Security: CRON_SECRET
The endpoint requires authentication to prevent unauthorized access. Without a valid Authorization: Bearer <CRON_SECRET> header, requests are rejected with 401.
To set it up:
- Generate a secure secret:
openssl rand -hex 32 - Add
CRON_SECRETto your Vercel environment variables (Settings → Environment Variables) - For local development, add it to
.env.local
Vercel Cron automatically includes the auth header when calling the endpoint, so no extra configuration is needed once the env var is set.
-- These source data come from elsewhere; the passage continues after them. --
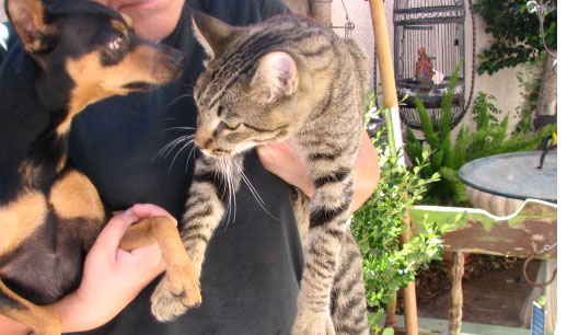 He has the longest tail I have ever seen on a cat. Now the second strange thing is… Larry likes dogs. That helps because Kristen has a miniature Pincher. Larry walks up to Douglas and kisses him on the nose…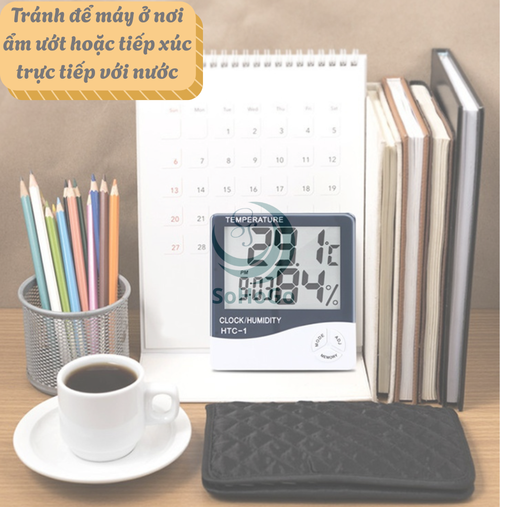 - Màn hình LCD: hiển thị rõ ràng nhiệt độ (°C/°F), độ ẩm (%RH), đồng hồ (12/24h)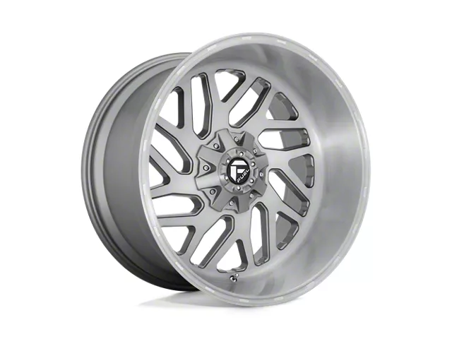 Fuel Wheels Triton Platinum Brushed Gunmetal with Tinted Clear 8-Lug Wheel; 20x12; -43mm Offset The Fuel Wheels Triton Platinum Brushed Gunmetal with Tinted Clear 8-Lug Wheel combines a sleek, sophisticated design with premium construction that enhances the visual appeal and complements a wide range of vehicle styles. This wheel is perfect for those seeking to make a bold statement while maintaining elegance and robustness.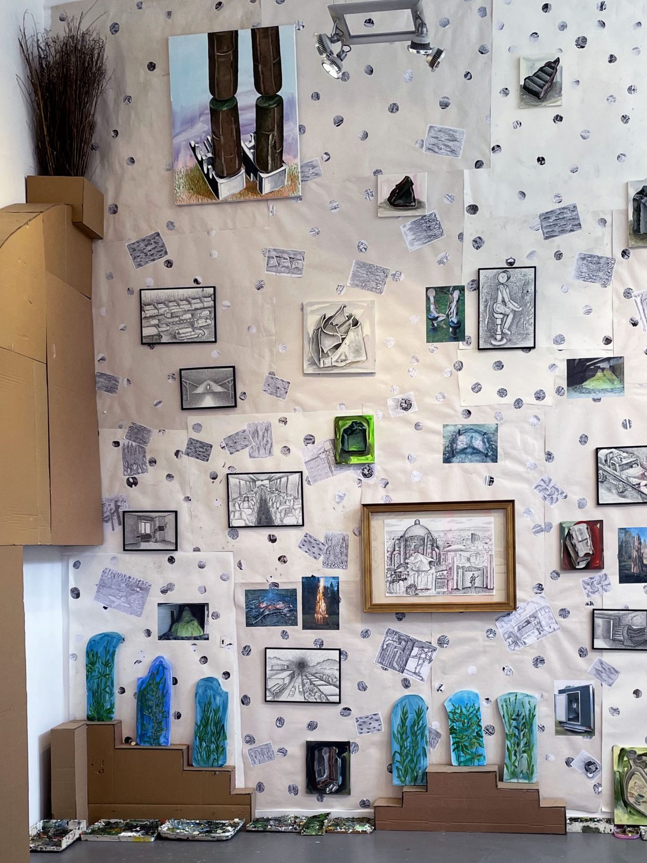 Urs Pfannenmüller (Bazel, 1943) is ook zo’n ‘bouwende’ dromer. Hij bouwt rustig, in Den Haag al vanaf 1968 tot nu, voort aan zijn artistieke universum, dat bestaat uit schilderijen, tekeningen of objecten, waarmee hele wanden gevuld worden, of objecten (bouwsels), waarmee soms hele ruimtes getransformeerd worden. Iedere keer opnieuw verschijnt een nieuwe variant. Dit keer wordt je, in de Haagse Kunstkring, binnen geleidt door een, aan de linker- en rechter zijkanten van de muur, smalle bordkartonnen architectuur, en stap je in een wereld die een demonstratie is van een betekenisvolle, maar nog niet ‘beschreven’ realiteit, waar de hiërarchie tussen de getoonde beelden nog vorm moet krijgen, waar de ene uitdrukkingsvorm niet onderdoet voor de andere, maar samen een nieuwe samenhang vormt. Eén van zijn pentekeningen toont de stad Liège (Luik) in gecomprimeerde vorm, waarbij vazen langzamerhand transformeren in klassieke hoogbouw, en vice versa. Een stad die weliswaar plat getekend is, maar je doet dwalen door fascinerende gebouwen, kathedralen, straten en pleinen, boordevol oude en nieuwe verhalen. Een poging om nieuwe categorieën te vinden voor de vormgeving van onze steden. Het doet me denken aan de poëtica van de Amerikaanse postmoderne architect John Hejduk (1929-2000), ook hij probeerde in zijn beeldende werk, en gedichten, nieuwe formuleringen (vormen) te vinden voor wat je ook ‘gebouwen’ zou kunnen noemen. In de stad Groningen kun je zijn Wall House 2, één van den paar werkelijk gebouwde zéér opmerkelijke ‘huizen’ van John Hejduk bewonderen.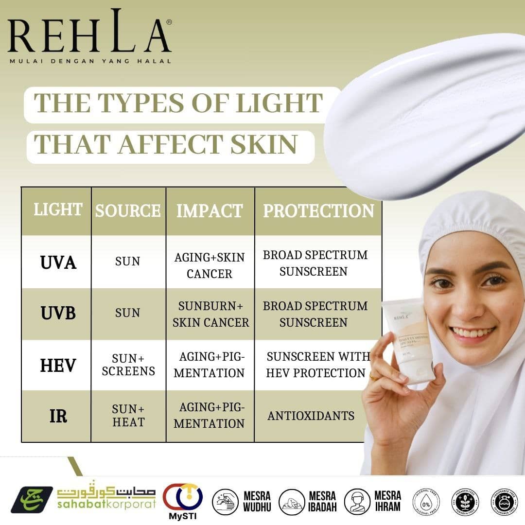 Untuk mengatasi bahaya ini, adalah penting untuk melindungi kulit anda dengan pelindung matahari yang boleh dipercayai. Rehla Sunscreen, produk halal berasaskan air dengan SPF50 PA+++, menawarkan perlindungan menyeluruh terhadap sinar UVA, UVB, HEV, dan IR. Formula ringan dan tidak berminyaknya sesuai untuk penggunaan harian, memastikan kulit anda kekal dilindungi tanpa rasa berat.

This keeps the health check private — only Vercel Cron (or you with the secret) can trigger it.
Wrapping up
- Single codebase — health check lives next to the chat API in the same repo.
- Private endpoint —
CRON_SECRETensures only Vercel Cron (or authorized callers) can trigger it. - Lightweight check —
models.list()only; no inference, no token cost. - Clear signal — one Discord message per failure with "what's wrong" and "what to do."
- Same platform — Vercel cron + serverless function + env vars, no new vendors.
If you're running a small API hub like this, a daily "are my LLMs still there?" check plus a Discord webhook is a simple way to get alerted before users do. Next improvements I'm considering: response-time checks (actual completion with a tiny prompt) and a simple status page that hits this endpoint—but for "is the provider and config still okay?", this is enough for now.